> **What to produce**
Only the lines below between the one holding "The blouse worn" and the one holding "DII Ultra Soft", inclusive, are to be reproduced word for word; the pictures are to be left out.

> **Study material**

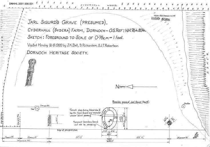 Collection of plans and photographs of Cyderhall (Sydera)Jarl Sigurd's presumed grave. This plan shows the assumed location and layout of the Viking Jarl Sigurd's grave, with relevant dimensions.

...

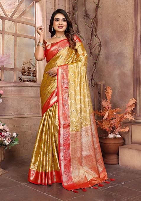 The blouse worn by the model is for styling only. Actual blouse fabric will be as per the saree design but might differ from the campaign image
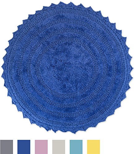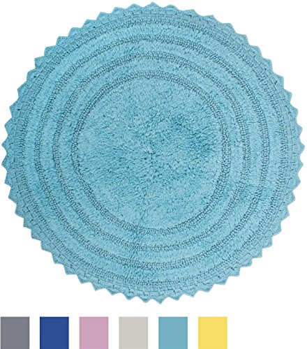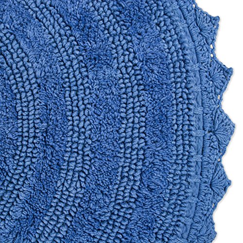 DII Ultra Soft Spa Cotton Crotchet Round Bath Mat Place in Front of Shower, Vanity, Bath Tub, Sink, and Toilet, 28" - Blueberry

> **Solution to this task**
 The blouse worn by the model is for styling only. Actual blouse fabric will be as per the saree design but might differ from the campaign image
 DII Ultra Soft Spa Cotton Crotchet Round Bath Mat Place in Front of Shower, Vanity, Bath Tub, Sink, and Toilet, 28" - Blueberry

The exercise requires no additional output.